Friday, October 06, 2006

Scrapbook - Unit 7

10.5.06


I believe the way we search for information, down to what we judge as relevant, is affected by very subjective things. What I mean by this is, if Alex and I are writing a research paper on the very same topic for the very same professor, depending on our mindset that day, one of us may find one document relevant and not another. Our judgments on relevancy or even how we search for documents are affected by everything from our surroundings to what our mood is that day. Making sense of the returned documents or of the system in general, is affected by our emotional mindset - a bad mood or a good mood can change one's outlook quite easily. This doesn't even take into account our individual knowledge of the subject and how that affects the documents we retrieve. From our life experiences, every individual person has a certain amount of knowledge or opinions about certain subjects that affect how the judge documents.

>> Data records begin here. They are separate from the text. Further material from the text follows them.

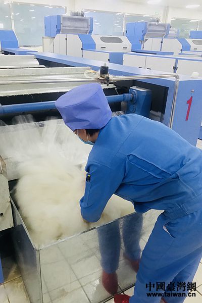2018年8月13日,寧夏同心縣扶貧產業園的伊興羊絨車間,一名女工正在整理羊絨。(中國臺灣網 黃曉迪 攝)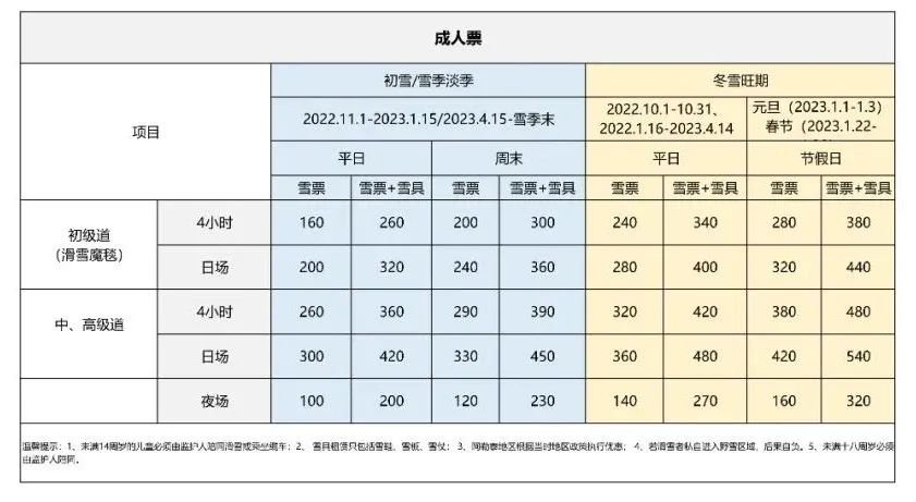 2022至2023可可托海滑雪场雪季价格表 可可托海滑雪场门票价格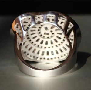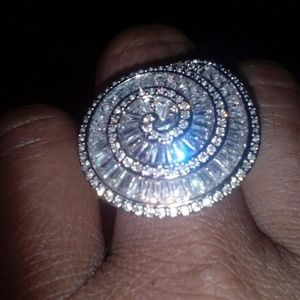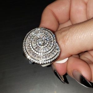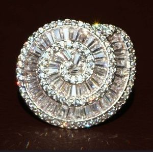 Never ending sterling (.925) silver swirl of white sapphires. Mesmerizing design and excellent quality. Yes, it is that dazzling in person! Show stopper.

I also think that knowing your personal strengths/limitations for this topic is the same as knowing your personal strengths/limitations for any other topic. It can help you grow as an information seeker - having knowledge of your biases towards information seeking lets you be aware of them, thus preventing some of the affect they have on your information seeking.

In designing any type of system I think it is important to know your audience as much as possible. If you're Google, this may just be impossible! But if you're designing an academic search engine or helping a particular person with their computer woes, you have some room for interpretation. Know who the system is defined for and why they need to use it and you can design an effective system that keeps end users happy!


DB


I posted the information below to the discussion board but felt putting it here was also appropriate.

My tour interests are the information seeking habits of the information poor. In general, how and why do people who typically don't search for information find it? And why is it that they are not typical information seekers? The article I read was on the information seeking habits of women with breast cancer - a very unique perspective from people seeking a very specific type of information. The citation is below:


Rees, C. E. and Bath, P. A. (2001). "Information-Seeking Behaviors of Women with Breast Cancer". Oncology Nursing Forum, Vol. 28, No. 5, pp. 899-907.


The authors distributed 202 surveys and held 3 discussion groups (each with 10 people) to find out how certain people sought information on breast cancer post diagnosis and why others avoided information on the topic altogether. They found that some people are information avoiders - i.e., they don't seek information for fear of worrying. Others are high-monitoring information seekers - they want every piece of information they can find in hopes of feeling in control of the cancer. And then there are the low-monitoring seekers who want enough information to feel educated and 'in the know' so to speak when dealing with doctors. Their conclusions were that information seeking is based on the individual and not on demographic information. That is to say that just because a person was in a certain age group did not mean that they necessarily would or would not seek information; rather, the need to seek information depended on the type of person they were and their past experiences.


This relates to my topic of interest because it shows that people are more than just demographics; every person has valuable life experiences that affect their information seeking behavior. For the information professional, this makes it very difficult to design systems because you have no real target audience, so to speak.

I really enjoy reading the person view of research. In most of our classes we discuss things from a systems perspective (taken the user into account when possible); but it is refreshing to learn about what the people using the system think or how and why they even use our information systems to find information.